**ACTION ITEM**
In the listing below, locate the line with "1.新增动态人脸贴纸,脸部自动识别,轻松拍出逗萌视频。" and the line with "Emiralem - Tire", then output both and everything between them exactly, minus any pictures.

(Beginning of DATA EXCERPTS)

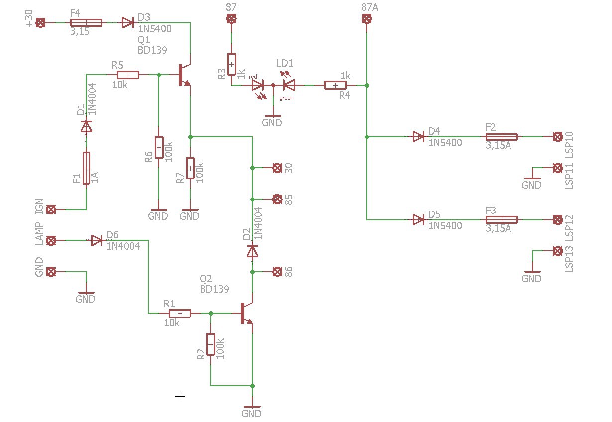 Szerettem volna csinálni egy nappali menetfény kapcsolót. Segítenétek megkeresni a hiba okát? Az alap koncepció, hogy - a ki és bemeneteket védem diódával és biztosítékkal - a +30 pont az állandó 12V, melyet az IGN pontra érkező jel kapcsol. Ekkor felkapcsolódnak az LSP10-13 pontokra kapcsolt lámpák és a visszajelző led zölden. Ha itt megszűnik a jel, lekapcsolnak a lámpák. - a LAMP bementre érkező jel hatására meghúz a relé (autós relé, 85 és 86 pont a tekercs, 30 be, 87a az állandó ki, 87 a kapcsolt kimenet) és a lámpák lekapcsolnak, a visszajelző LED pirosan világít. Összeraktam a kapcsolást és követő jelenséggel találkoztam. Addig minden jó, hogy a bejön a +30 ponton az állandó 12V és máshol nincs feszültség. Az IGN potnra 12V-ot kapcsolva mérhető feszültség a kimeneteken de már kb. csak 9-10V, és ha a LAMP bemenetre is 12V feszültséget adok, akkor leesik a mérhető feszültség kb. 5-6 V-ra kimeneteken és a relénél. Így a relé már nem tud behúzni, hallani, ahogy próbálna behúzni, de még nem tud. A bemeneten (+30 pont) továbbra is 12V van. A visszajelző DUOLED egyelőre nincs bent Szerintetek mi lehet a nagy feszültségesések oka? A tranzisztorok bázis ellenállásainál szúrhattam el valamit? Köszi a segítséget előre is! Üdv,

(End of DATA EXCERPTS)
(Beginning of DATA EXCERPTS)

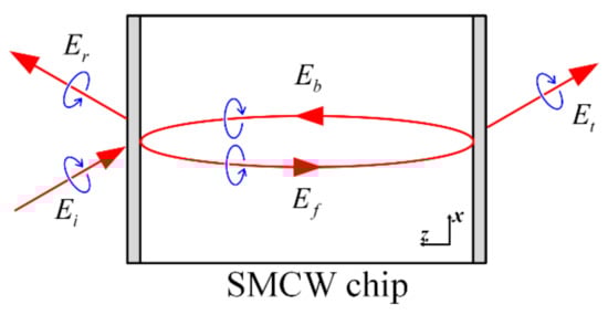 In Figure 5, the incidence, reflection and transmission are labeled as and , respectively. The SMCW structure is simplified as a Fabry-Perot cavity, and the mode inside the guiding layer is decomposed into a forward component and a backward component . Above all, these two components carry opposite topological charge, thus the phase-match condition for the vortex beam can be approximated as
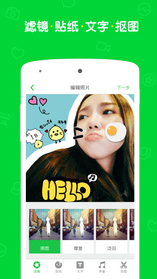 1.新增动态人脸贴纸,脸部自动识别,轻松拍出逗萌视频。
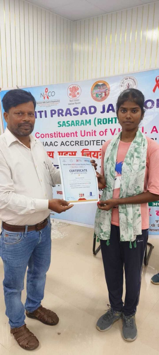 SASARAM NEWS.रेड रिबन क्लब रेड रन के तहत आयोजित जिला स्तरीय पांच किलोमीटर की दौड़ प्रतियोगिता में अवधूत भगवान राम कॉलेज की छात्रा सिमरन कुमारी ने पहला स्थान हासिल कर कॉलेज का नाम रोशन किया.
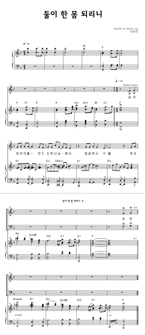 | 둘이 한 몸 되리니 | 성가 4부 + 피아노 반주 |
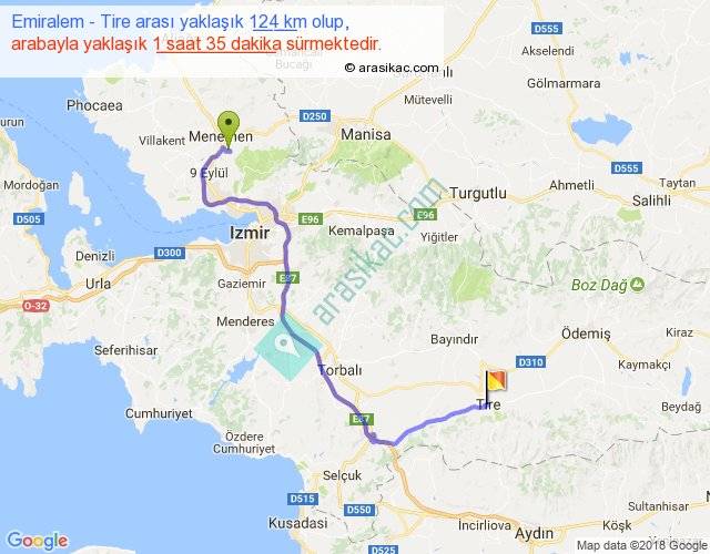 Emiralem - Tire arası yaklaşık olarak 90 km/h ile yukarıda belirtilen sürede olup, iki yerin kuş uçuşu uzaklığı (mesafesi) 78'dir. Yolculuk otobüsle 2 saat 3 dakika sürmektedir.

(End of DATA EXCERPTS)
(Beginning of DATA EXCERPTS)

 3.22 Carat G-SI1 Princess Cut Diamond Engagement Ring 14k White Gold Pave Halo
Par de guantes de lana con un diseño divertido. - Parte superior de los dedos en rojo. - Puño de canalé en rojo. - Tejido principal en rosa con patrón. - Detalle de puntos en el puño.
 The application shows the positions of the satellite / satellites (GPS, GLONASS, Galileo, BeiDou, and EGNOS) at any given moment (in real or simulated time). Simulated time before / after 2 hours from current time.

(End of DATA EXCERPTS)

**FINAL ANSWER**
 1.新增动态人脸贴纸,脸部自动识别,轻松拍出逗萌视频。
 SASARAM NEWS.रेड रिबन क्लब रेड रन के तहत आयोजित जिला स्तरीय पांच किलोमीटर की दौड़ प्रतियोगिता में अवधूत भगवान राम कॉलेज की छात्रा सिमरन कुमारी ने पहला स्थान हासिल कर कॉलेज का नाम रोशन किया.
 | 둘이 한 몸 되리니 | 성가 4부 + 피아노 반주 |
 Emiralem - Tire arası yaklaşık olarak 90 km/h ile yukarıda belirtilen sürede olup, iki yerin kuş uçuşu uzaklığı (mesafesi) 78'dir. Yolculuk otobüsle 2 saat 3 dakika sürmektedir.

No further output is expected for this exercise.